As I understand, the pimpl idiom is exists only because C++ forces you to place all the private class members in the header. If the header were to contain only the public interface, theoretically, any change in class implementation would not have necessitated a recompile for the rest of the program.
What I want to know is why C++ is not designed to allow such a convenience. Why does it demand at all for the private parts of a class to be openly displayed in the header (no pun intended)?
This has to do with the size of the object. The h file is used, among other things, to determine the size of the object. If the private members are not given in it, then you would not know how large an object to new.
You can simulate, however, your desired behavior by the following:
class MyClass
{
public:
// public stuff
private:
#include "MyClassPrivate.h"
};
This does not enforce the behavior, but it gets the private stuff out of the .h file.
On the down side, this adds another file to maintain.

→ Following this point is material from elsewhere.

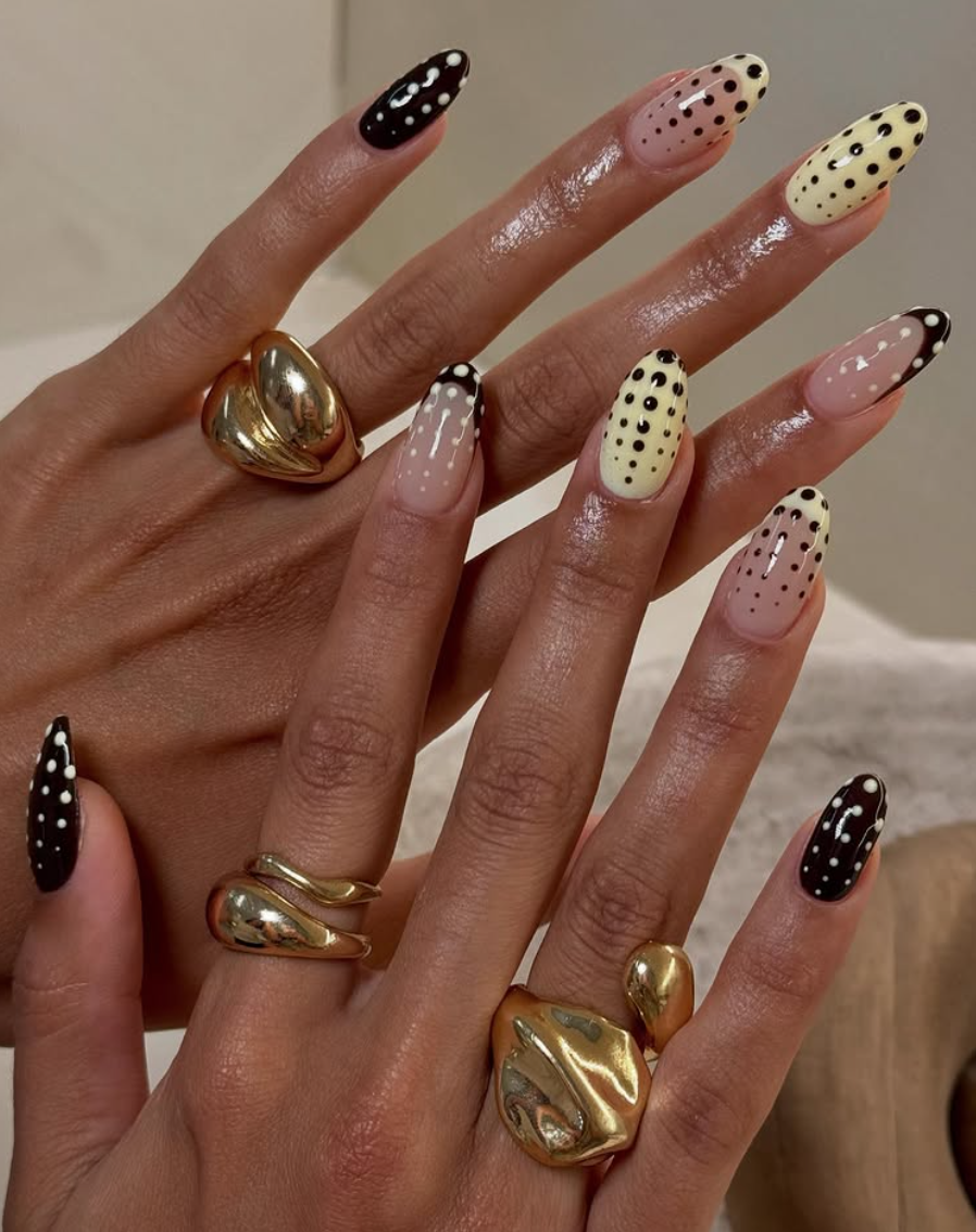 The black and white polka dot nails keep things timeless, while the cream base softens the overall vibe and makes it feel wearable with anything from a slip dress to an oversized blazer.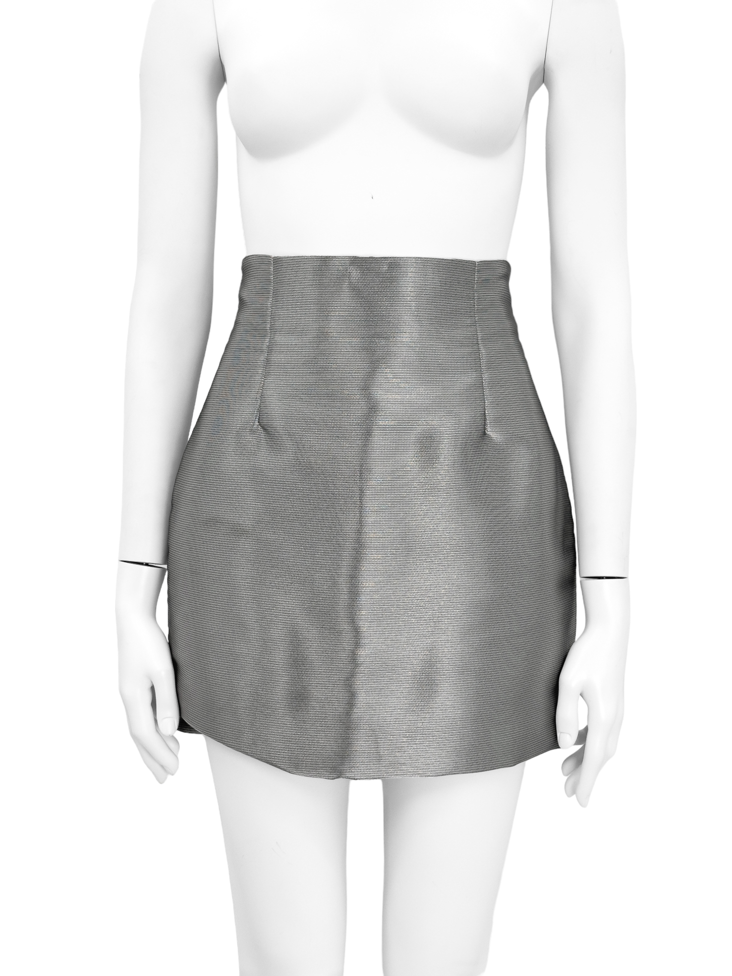 "Srebrno - metaliczna spódnica, długość przed kolano. Rozmiar z metki IT 42. Skład: 88% poliester, 22% materiał metaliczny. Wymiary: szerokość w pasie 36cm, długość całkowita 43cm."

Also, in visual studio, the intellisense does not work for the private members - this could be a plus or a minus.
I think there is a confusion here. The problem is not about headers. Headers don't do anything (they are just ways to include common bits of source text among several source-code files).
The problem, as much as there is one, is that class declarations in C++ have to define everything, public and private, that an instance needs to have in order to work. (The same is true of Java, but the way reference to externally-compiled classes works makes the use of anything like shared headers unnecessary.)
It is in the nature of common Object-Oriented Technologies (not just the C++ one) that someone needs to know the concrete class that is used and how to use its constructor to deliver an implementation, even if you are using only the public parts. The device in (3, below) hides it. The practice in (1, below) separates the concerns, whether you do (3) or not.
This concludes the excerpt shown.